[REQUIRED ACTION]
Every line below must be copied as written, except for pictures.

[COLLECTED MATERIAL]
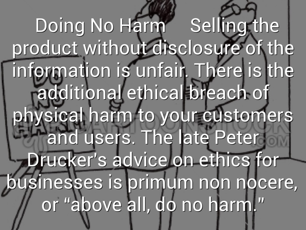 Doing No Harm Selling the product without disclosure of the information is unfair. There is the additional ethical breach of physical harm to your customers and users. The late Peter Drucker's advice on ethics for businesses is primum non nocere, or “above all, do no harm.”
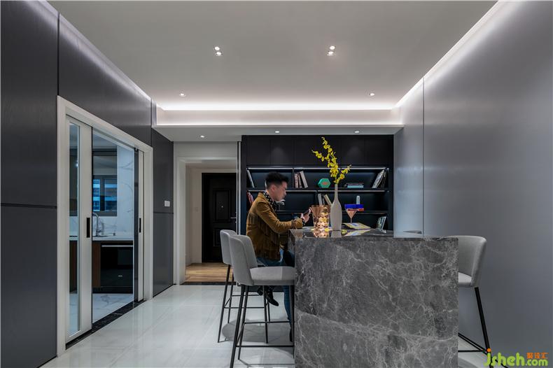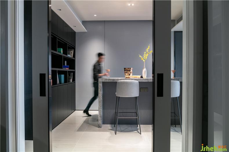 拉门是餐吧和厨房友谊的关键桥梁。当“硝烟”开始弥漫,两扇拉门成功阻断烟火气。室内设计师
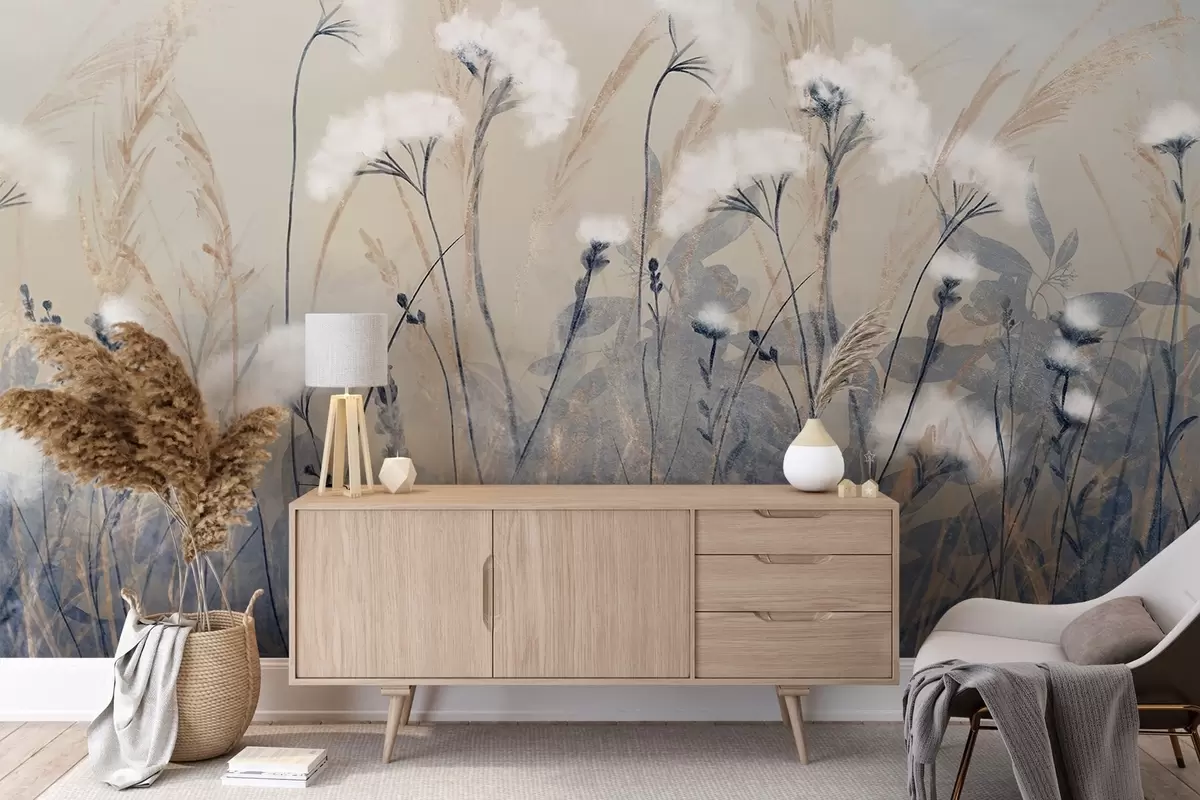 Fototapeten Flauschiges weißes Baumwollgras vor einem unscharfen, strukturierten Hintergrund mit einer weichen, dunstigen und heiteren Atmosphäre N° w08416

[ANSWER TO THE EXERCISE]
 Doing No Harm Selling the product without disclosure of the information is unfair. There is the additional ethical breach of physical harm to your customers and users. The late Peter Drucker's advice on ethics for businesses is primum non nocere, or “above all, do no harm.”
 拉门是餐吧和厨房友谊的关键桥梁。当“硝烟”开始弥漫,两扇拉门成功阻断烟火气。室内设计师
 Fototapeten Flauschiges weißes Baumwollgras vor einem unscharfen, strukturierten Hintergrund mit einer weichen, dunstigen und heiteren Atmosphäre N° w08416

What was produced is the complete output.